# carrot game?



## RATHER BE RIDING (Dec 7, 2010)

When it comes up it will list a topic in the Horse Forum such as Horse Training or Horse Breeds or Western Riding. Go to that topic and when you click on it a box at the top of that page will say "Catch the Carrot". Click on it and you caught it!


----------



## jwells84 (Mar 29, 2011)

thanks


----------



## jdw (Mar 17, 2011)

How do you keep them from stealing them???


----------



## RATHER BE RIDING (Dec 7, 2010)

That I don't know. I have had a few stolen, but never the whole bunch. I wonder who has the most carrots on here and how many they have.


----------



## jdw (Mar 17, 2011)

I saw one chick with over two thousand!! I had two and he took one away....boo-hoo!! And what's with the carrot locator shown above?


----------



## RATHER BE RIDING (Dec 7, 2010)

Well, that was a bit stingy, but I guess that is how you get over 2000 carrots. The carrot locator shows you what category the carrot is hidden in. If it says, Horse Training, go to the list of categories and click on Horse Training and there should be a "catch the carrot" box if you got there first. 

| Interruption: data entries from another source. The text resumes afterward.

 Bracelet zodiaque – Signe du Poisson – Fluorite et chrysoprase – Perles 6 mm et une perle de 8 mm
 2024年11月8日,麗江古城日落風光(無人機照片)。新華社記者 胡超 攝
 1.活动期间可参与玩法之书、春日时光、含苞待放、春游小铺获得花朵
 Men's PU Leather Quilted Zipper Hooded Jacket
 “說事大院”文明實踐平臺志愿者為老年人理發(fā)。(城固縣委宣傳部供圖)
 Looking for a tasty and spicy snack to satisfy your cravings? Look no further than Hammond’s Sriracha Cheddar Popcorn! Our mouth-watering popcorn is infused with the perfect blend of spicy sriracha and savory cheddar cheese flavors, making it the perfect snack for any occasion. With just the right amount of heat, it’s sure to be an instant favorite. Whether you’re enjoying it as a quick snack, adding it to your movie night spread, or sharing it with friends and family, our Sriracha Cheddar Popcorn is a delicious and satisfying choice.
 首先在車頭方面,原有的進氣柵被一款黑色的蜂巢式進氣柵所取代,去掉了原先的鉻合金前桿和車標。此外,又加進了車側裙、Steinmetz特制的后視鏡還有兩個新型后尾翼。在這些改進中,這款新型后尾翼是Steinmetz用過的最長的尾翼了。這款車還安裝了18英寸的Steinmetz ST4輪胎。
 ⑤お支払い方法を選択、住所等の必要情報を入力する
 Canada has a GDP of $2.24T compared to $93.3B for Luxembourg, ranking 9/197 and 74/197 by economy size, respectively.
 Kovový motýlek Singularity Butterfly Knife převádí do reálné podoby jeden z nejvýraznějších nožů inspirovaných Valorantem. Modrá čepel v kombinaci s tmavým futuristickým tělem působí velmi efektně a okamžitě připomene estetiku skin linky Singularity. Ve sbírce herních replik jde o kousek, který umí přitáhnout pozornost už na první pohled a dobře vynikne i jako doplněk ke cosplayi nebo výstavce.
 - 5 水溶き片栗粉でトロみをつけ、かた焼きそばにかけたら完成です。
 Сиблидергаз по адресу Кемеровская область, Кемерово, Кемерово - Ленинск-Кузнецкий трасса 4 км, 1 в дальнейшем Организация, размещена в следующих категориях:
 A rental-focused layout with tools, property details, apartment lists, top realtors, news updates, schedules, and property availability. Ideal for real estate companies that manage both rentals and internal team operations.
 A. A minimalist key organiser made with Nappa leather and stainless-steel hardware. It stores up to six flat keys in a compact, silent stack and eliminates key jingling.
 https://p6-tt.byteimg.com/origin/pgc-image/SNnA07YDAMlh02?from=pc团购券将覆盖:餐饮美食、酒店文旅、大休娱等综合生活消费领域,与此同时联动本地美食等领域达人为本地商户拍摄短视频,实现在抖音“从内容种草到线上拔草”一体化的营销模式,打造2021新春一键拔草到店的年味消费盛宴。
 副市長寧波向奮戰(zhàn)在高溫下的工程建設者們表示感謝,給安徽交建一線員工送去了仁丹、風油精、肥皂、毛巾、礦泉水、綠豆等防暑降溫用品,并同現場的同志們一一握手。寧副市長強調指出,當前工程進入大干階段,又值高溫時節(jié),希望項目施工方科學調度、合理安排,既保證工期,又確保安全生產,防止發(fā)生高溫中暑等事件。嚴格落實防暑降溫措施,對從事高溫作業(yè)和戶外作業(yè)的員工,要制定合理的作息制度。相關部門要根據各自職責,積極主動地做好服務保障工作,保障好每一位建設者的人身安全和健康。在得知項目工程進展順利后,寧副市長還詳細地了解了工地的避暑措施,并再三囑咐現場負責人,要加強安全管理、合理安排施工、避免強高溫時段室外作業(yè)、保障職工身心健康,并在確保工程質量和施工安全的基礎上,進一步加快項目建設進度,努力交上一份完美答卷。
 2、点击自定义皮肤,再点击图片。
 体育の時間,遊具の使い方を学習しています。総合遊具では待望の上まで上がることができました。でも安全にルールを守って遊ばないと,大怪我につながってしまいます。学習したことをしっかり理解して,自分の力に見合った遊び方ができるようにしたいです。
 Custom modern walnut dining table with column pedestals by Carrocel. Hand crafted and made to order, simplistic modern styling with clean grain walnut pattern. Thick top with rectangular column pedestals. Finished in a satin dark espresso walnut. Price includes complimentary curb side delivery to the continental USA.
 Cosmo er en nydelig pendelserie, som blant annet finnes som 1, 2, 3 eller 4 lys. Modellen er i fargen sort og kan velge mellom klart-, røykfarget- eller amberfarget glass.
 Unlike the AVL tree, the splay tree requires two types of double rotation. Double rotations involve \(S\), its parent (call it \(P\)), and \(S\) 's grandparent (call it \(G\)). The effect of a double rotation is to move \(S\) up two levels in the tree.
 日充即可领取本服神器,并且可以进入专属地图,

I like your Chief Dan George quote!


----------



## jdw (Mar 17, 2011)

Thanks, RBR; I love your paint!!


----------



## RATHER BE RIDING (Dec 7, 2010)

Thanks, jdw! He is pretty special to me.


----------



## Azale1 (Jul 5, 2010)

Where is the Carrot locator?


----------



## jwells84 (Mar 29, 2011)

in the threads. right below the ads, and above where everyone starts writing.


----------